▶ WHAT YOU WILL DO: Leaving out pictures, output exactly the lines below from the one that has "紙を幾重にも重ねてアートナイ" through the one that has "Ett mycket vackert", and nothing else.

▶ DATA SECTION:
━━━━━━━━

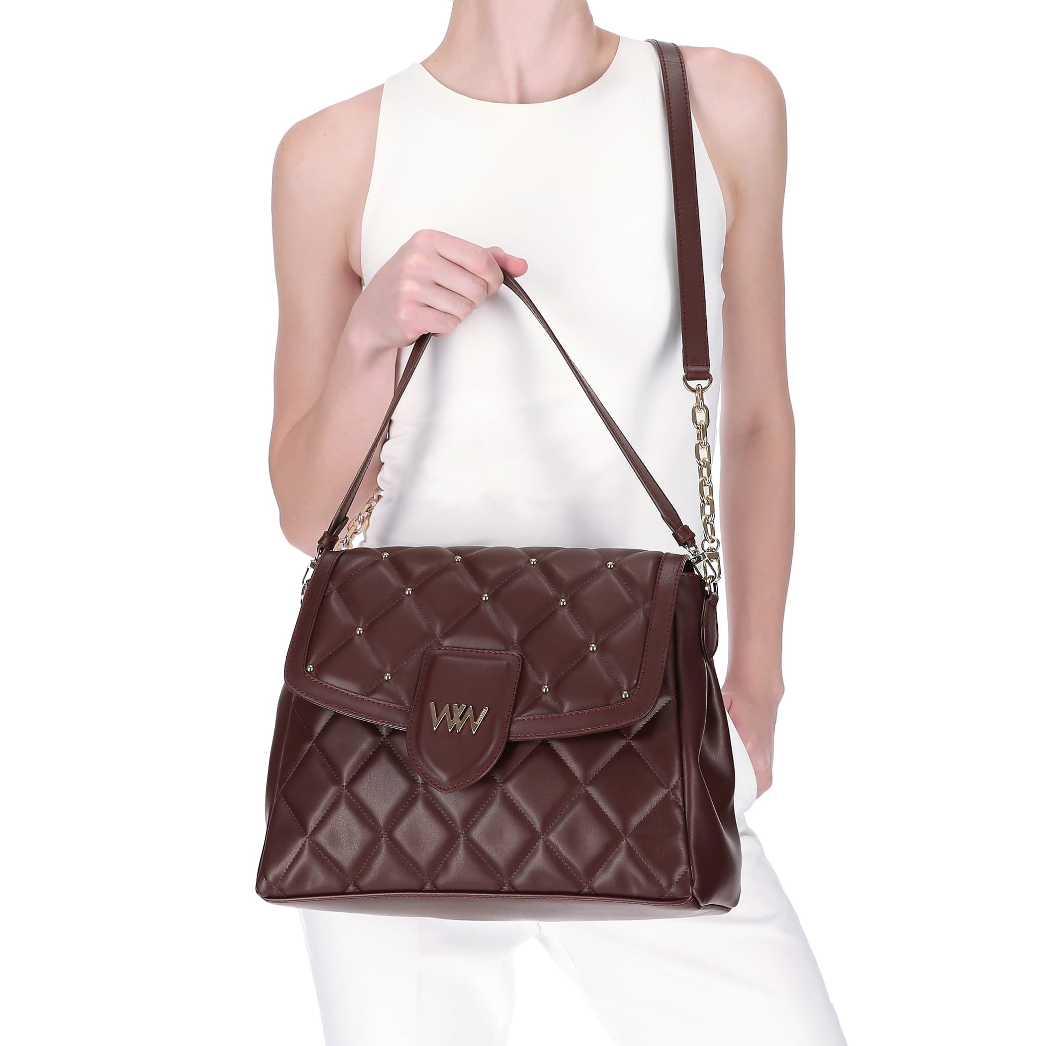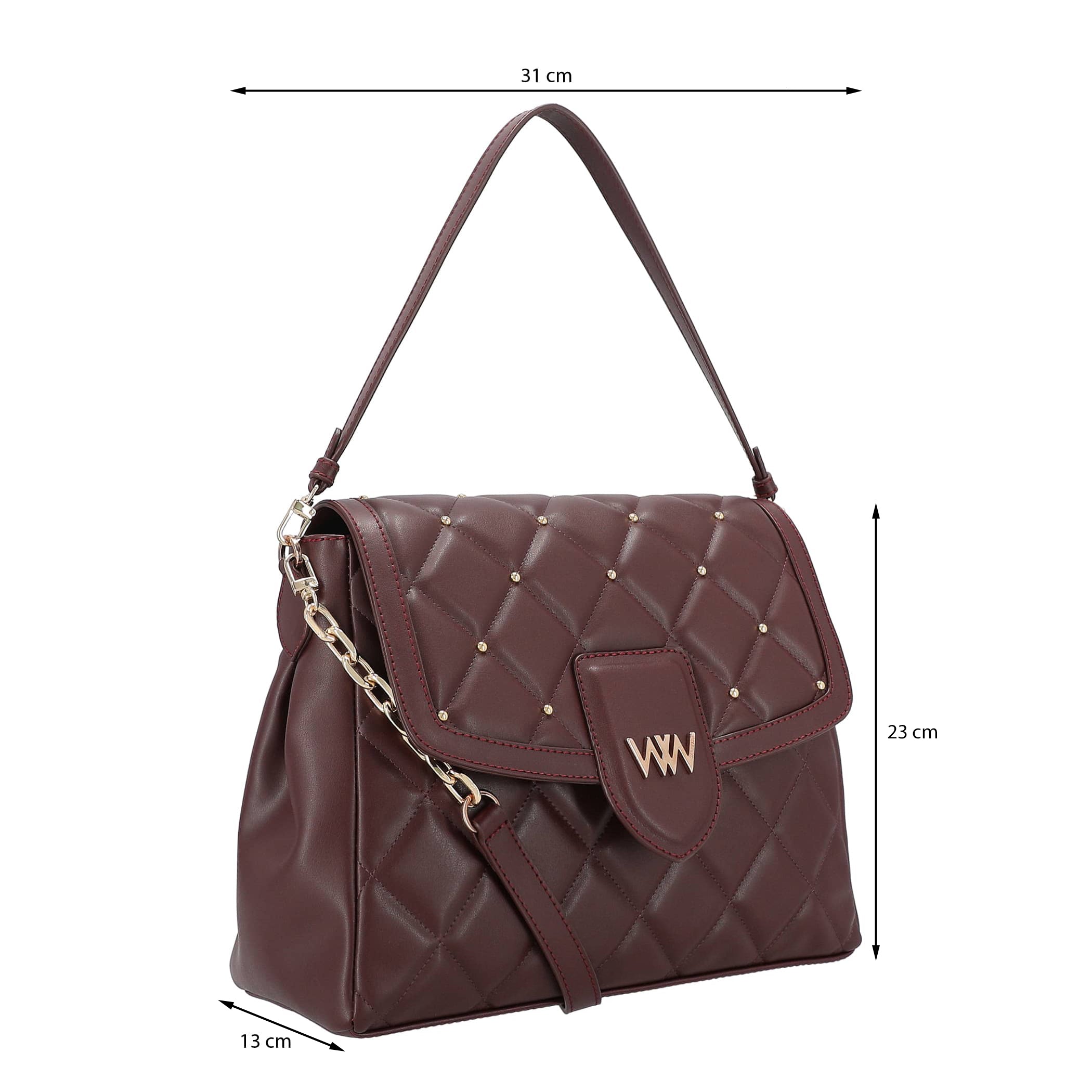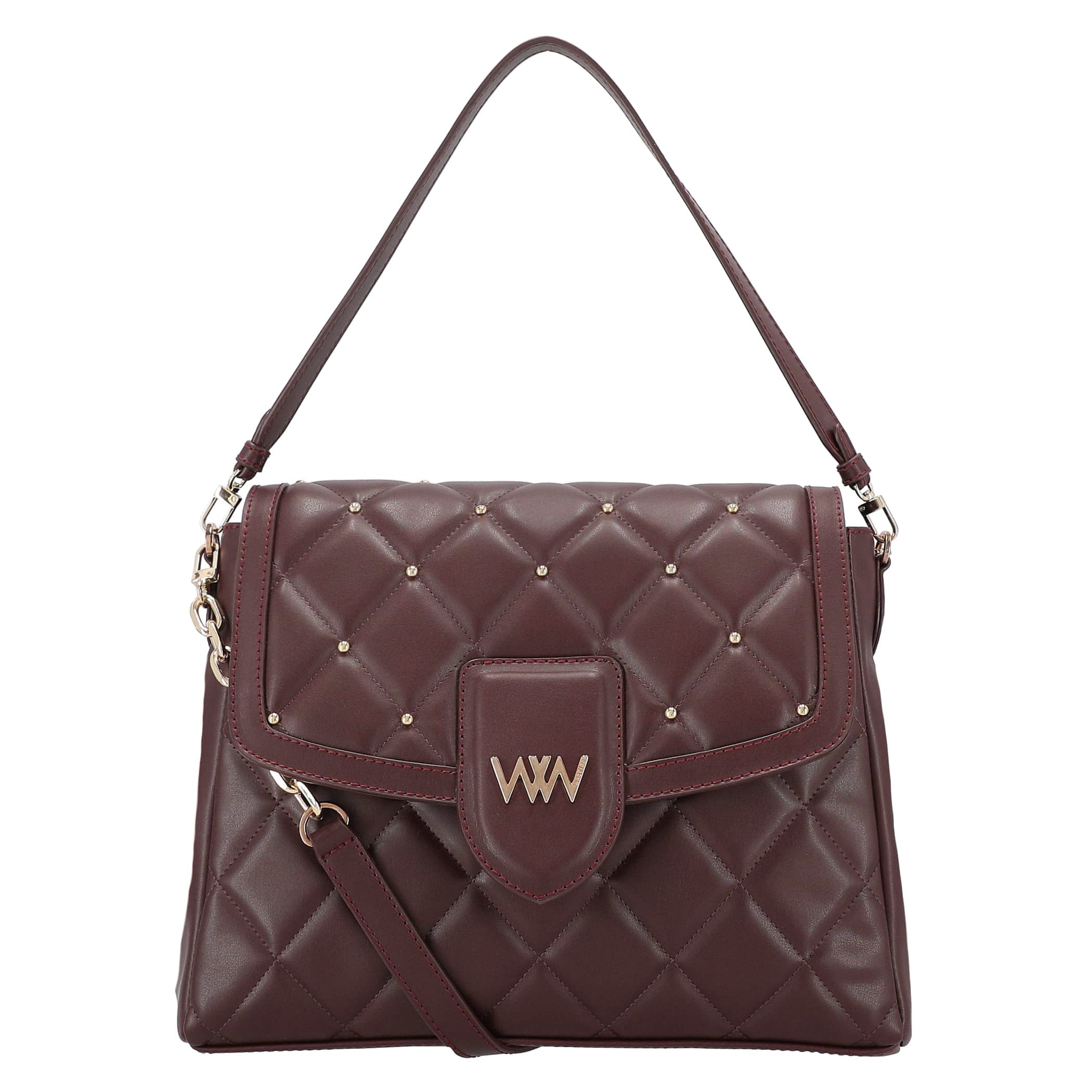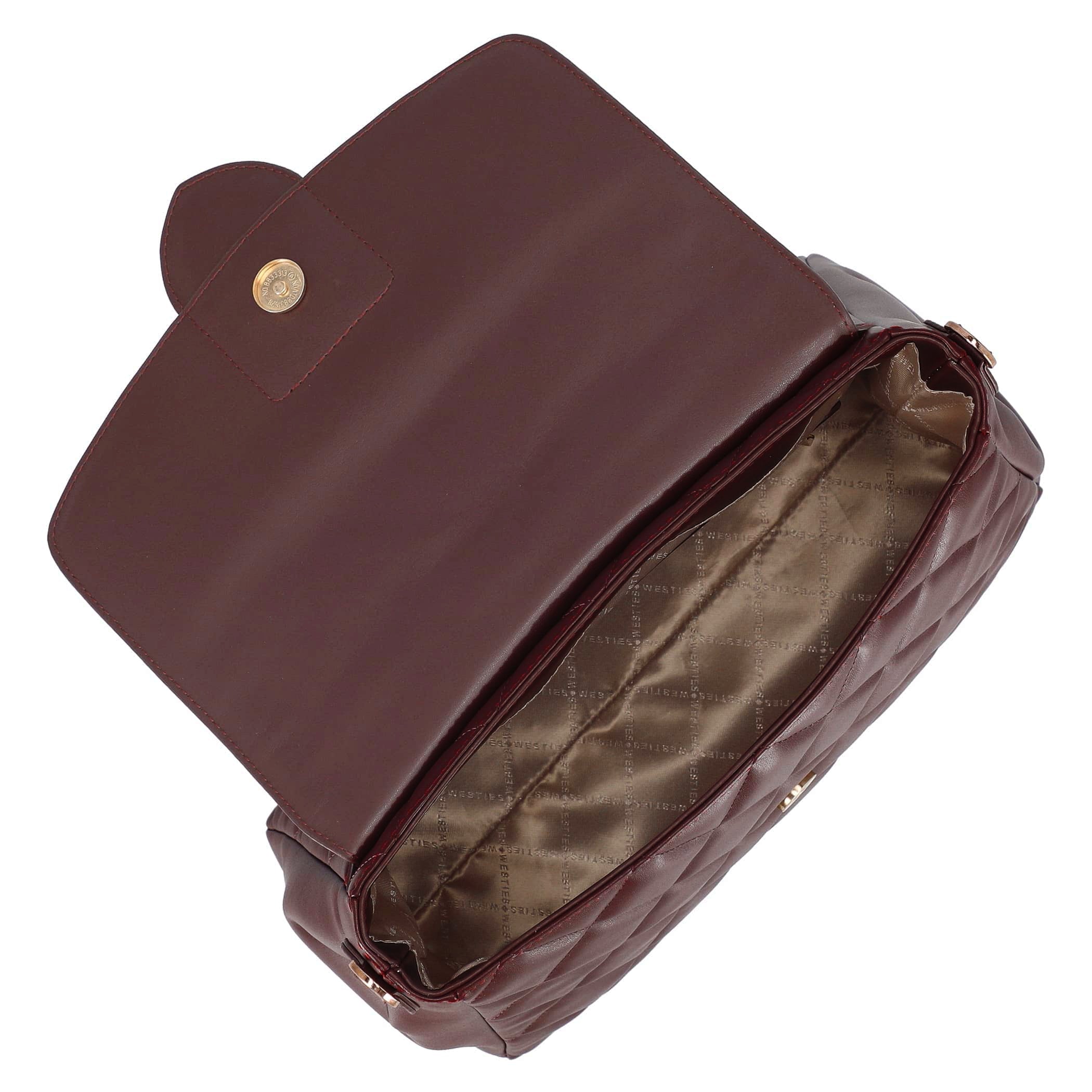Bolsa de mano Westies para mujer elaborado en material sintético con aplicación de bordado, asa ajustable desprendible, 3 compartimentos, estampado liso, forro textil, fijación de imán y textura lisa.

━━━━━━━━

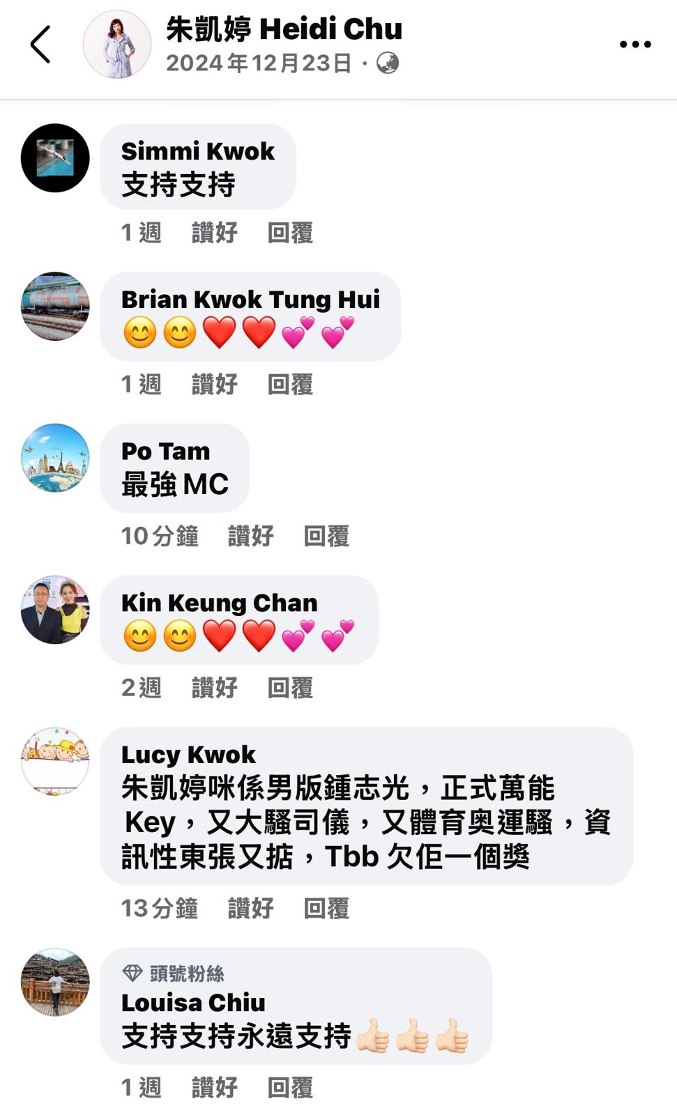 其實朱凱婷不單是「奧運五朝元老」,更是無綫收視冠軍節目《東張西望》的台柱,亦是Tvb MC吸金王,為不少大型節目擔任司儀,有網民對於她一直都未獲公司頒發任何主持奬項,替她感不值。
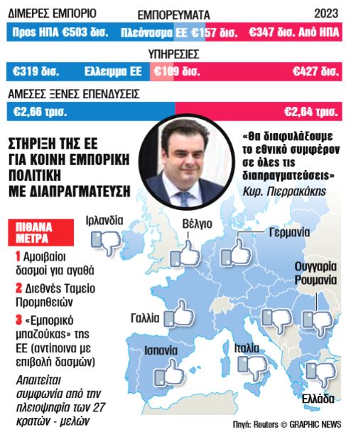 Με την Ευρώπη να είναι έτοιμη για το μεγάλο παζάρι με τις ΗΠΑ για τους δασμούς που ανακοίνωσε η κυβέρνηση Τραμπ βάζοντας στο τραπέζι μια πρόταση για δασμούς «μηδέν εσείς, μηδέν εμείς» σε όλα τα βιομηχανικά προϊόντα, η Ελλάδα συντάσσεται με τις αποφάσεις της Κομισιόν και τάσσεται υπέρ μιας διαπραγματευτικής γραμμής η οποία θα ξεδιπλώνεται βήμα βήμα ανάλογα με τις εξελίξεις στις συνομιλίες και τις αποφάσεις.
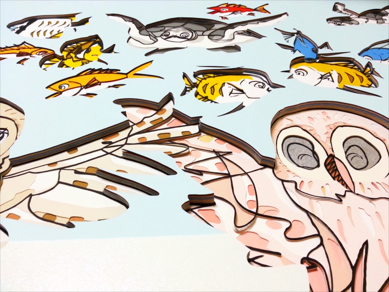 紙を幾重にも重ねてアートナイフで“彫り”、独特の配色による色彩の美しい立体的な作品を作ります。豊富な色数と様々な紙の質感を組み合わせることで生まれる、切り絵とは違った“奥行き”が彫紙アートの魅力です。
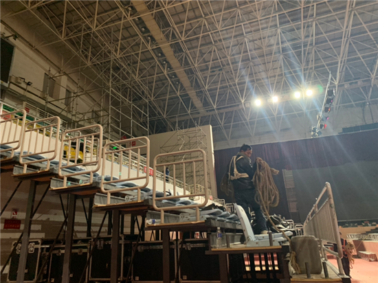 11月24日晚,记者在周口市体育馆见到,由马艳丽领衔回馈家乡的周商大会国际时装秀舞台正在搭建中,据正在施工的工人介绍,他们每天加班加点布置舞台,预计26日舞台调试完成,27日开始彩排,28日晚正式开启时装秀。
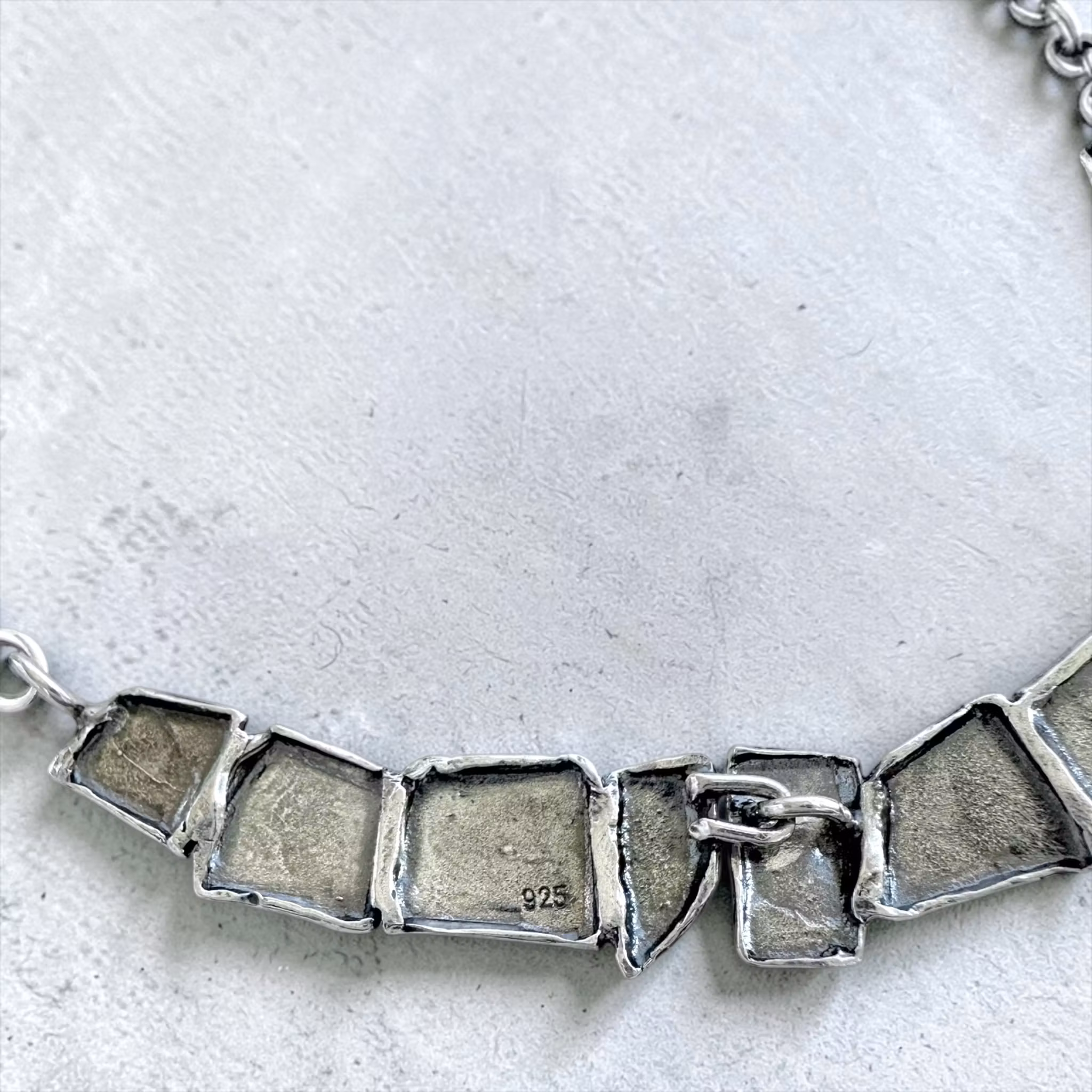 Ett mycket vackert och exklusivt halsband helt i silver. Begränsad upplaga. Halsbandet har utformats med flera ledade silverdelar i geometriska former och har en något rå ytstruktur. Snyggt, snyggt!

━━━━━━━━

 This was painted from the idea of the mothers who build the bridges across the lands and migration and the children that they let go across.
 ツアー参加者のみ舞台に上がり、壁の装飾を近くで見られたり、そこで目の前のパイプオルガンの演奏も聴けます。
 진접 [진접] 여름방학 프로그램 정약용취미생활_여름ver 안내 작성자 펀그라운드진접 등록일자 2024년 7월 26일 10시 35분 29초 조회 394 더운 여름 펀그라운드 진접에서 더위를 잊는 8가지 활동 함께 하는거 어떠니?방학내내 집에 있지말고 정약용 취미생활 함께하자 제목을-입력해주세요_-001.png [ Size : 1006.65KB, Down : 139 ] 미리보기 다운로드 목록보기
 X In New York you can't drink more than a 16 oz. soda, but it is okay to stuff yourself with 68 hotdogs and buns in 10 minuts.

━━━━━━━━

▶ ANSWER SPACE:
 紙を幾重にも重ねてアートナイフで“彫り”、独特の配色による色彩の美しい立体的な作品を作ります。豊富な色数と様々な紙の質感を組み合わせることで生まれる、切り絵とは違った“奥行き”が彫紙アートの魅力です。
 11月24日晚,记者在周口市体育馆见到,由马艳丽领衔回馈家乡的周商大会国际时装秀舞台正在搭建中,据正在施工的工人介绍,他们每天加班加点布置舞台,预计26日舞台调试完成,27日开始彩排,28日晚正式开启时装秀。
 Ett mycket vackert och exklusivt halsband helt i silver. Begränsad upplaga. Halsbandet har utformats med flera ledade silverdelar i geometriska former och har en något rå ytstruktur. Snyggt, snyggt!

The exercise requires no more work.